Während der Bundesvorsitzende seine Partei auf eine Große Koalition einstimmte, forderte der Berliner SPD-Landesvorsitzende Jan Stöß unter großem Klatschen, eine rot-rot-grüne Machtoption in den kommenden vier Jahren für 2017 vorzubereiten. «Es darf nie wieder dazu kommen, dass wir zur Freude der Union über dieses Stöckchen springen, dass wir nicht mit der LINKEN reden.» Für die laufenden Verhandlungen zu einer Großen Koalition kündigte Stöß an: «Wir werden uns sehr genau ansehen, ob sich das, was wir in unserem Wahlprogramm gefordert haben, auch wiederfindet.» Aus seiner Sicht sind dabei auch die zwei entscheidenden Punkte zu berücksichtigen: In dieser Legislatur eine gerechte Altersversorgung in Ost und West sowie die doppelte Staatsbürgerschaft durchzusetzen. Ansonsten verliere die SPD eine ganze Generation von Rentnern und jungen deutschen Migranten, so Stöß.

In seiner Rede ging der SPD-Landesvorsitzende auch auf den für den morgigen Sonntag vorgesehen Volksentscheid zur Energie ein. Stöß reklamierte einmal mehr die Rekommunalisierungs-Politik für die Sozialdemokraten, die auf ihrem Dahlemer Parteitag 2010 die Weichen für den Rückkauf der Wasserbetriebe gestellt hätten. Dass es keine sinnvolle Lösung zur Gründung eines Stadtwerks und der Übernahme der Stromkonzession gegeben habe, schob Stöß auf die Union und die Bürgerinitiative Energietisch: «Es ist an der Kompromisslosigkeit des Energietisches und am Widerstand der CDU gescheitert.» Die Abstimmung am Sonntag, zu der alle Wahlberechtigten in Berlin aufgerufen sind, erklärte der Landevorsitzende mit Verweis auf die Stadtwerksgründung der Großen Koalition Ende Oktober quasi für überflüssig. «Wer braucht schon zwei Stadtwerke?»

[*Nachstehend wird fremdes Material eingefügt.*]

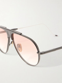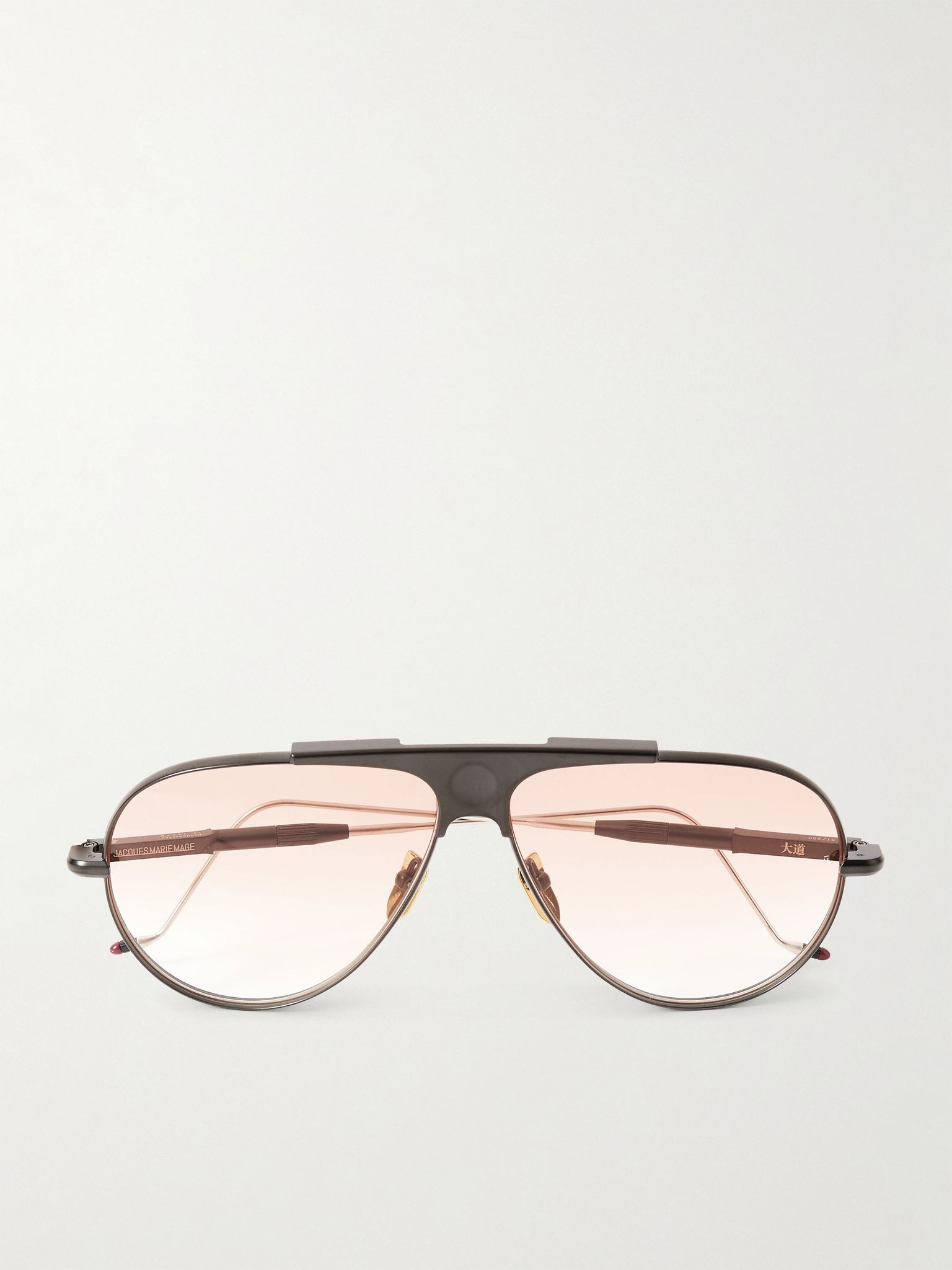 Jacques Marie Mage pays homage to influential Japanese artists with the ‘Kyosho’ series. Limited to a batch of 500, these 'Daido' aviator-style frames are made from black beta titanium and have a circular dent at the wide bridge. Art Deco-inspired details and extendable temples with epoxy tips complete the design. Details & Care - Black and silver-tone beta titanium - Come with a case - 100% UV protection
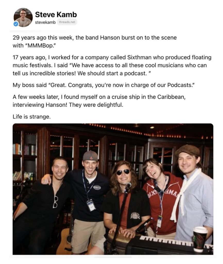 19 years ago, I said to my boss at my old company “We should have a podcast!” and two weeks later I found myself interviewing Zac Brown, Brandi Carlile, and Hanson while floating through the Caribbean.
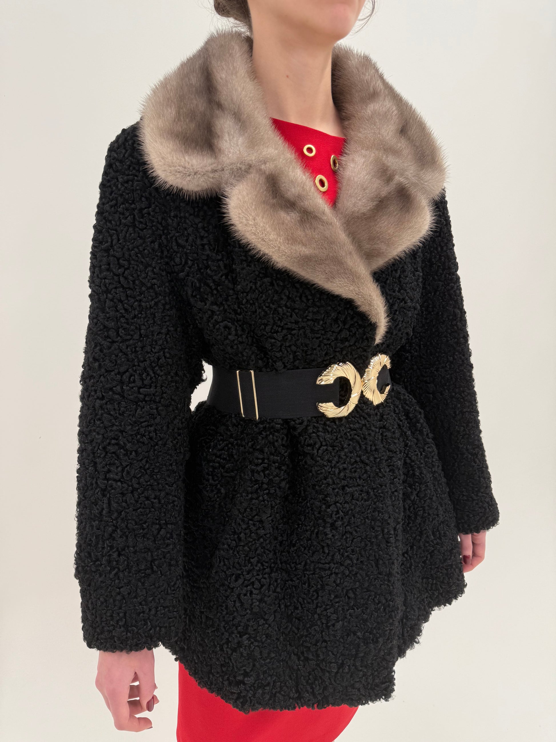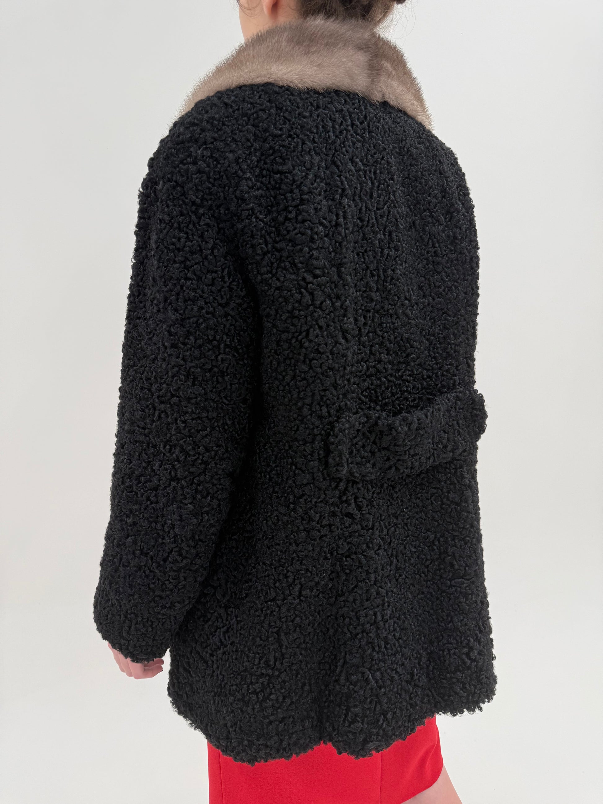 Blană naturală de miel Karakul cu guler din blană naturală de nurcă

Doch selbst in der SPD sehen das an diesem Sonnabend nicht alle so. Am späten Nachmittag diskutierte die über 200 Delegierten der Parteiversammlung kontrovers einen Antrag der Jusos, die ein «JA zum Energietisch, denn es geht um mehr als nur um’s Kleingedruckte!» einforderten. Die Antragskommission gab dagegen eine Empfehlung für einen Ersetzungsantrag ab, in dem es über Verlautbarungen für ein neues Stadtwerk hinaus zunächst abschließend hieß: «Dafür bedarf es keines Volksentscheides mehr.» Dieser Satz wurde jedoch nach einem Änderungsantrag gestrichen. Der Rest des Antrages der Antragskommission wurde bei einigen Gegenstimmen und wenigen Enthaltungen angenommen.

Der Regierende Bürgermeister Klaus Wowereit (SPD) nahm nicht an dem Parteitag teil. Er weilte bei der Vergabe der Leichtathletik-Europameisterschaft 2018 in Zürich, die nach Berlin vergeben wurde.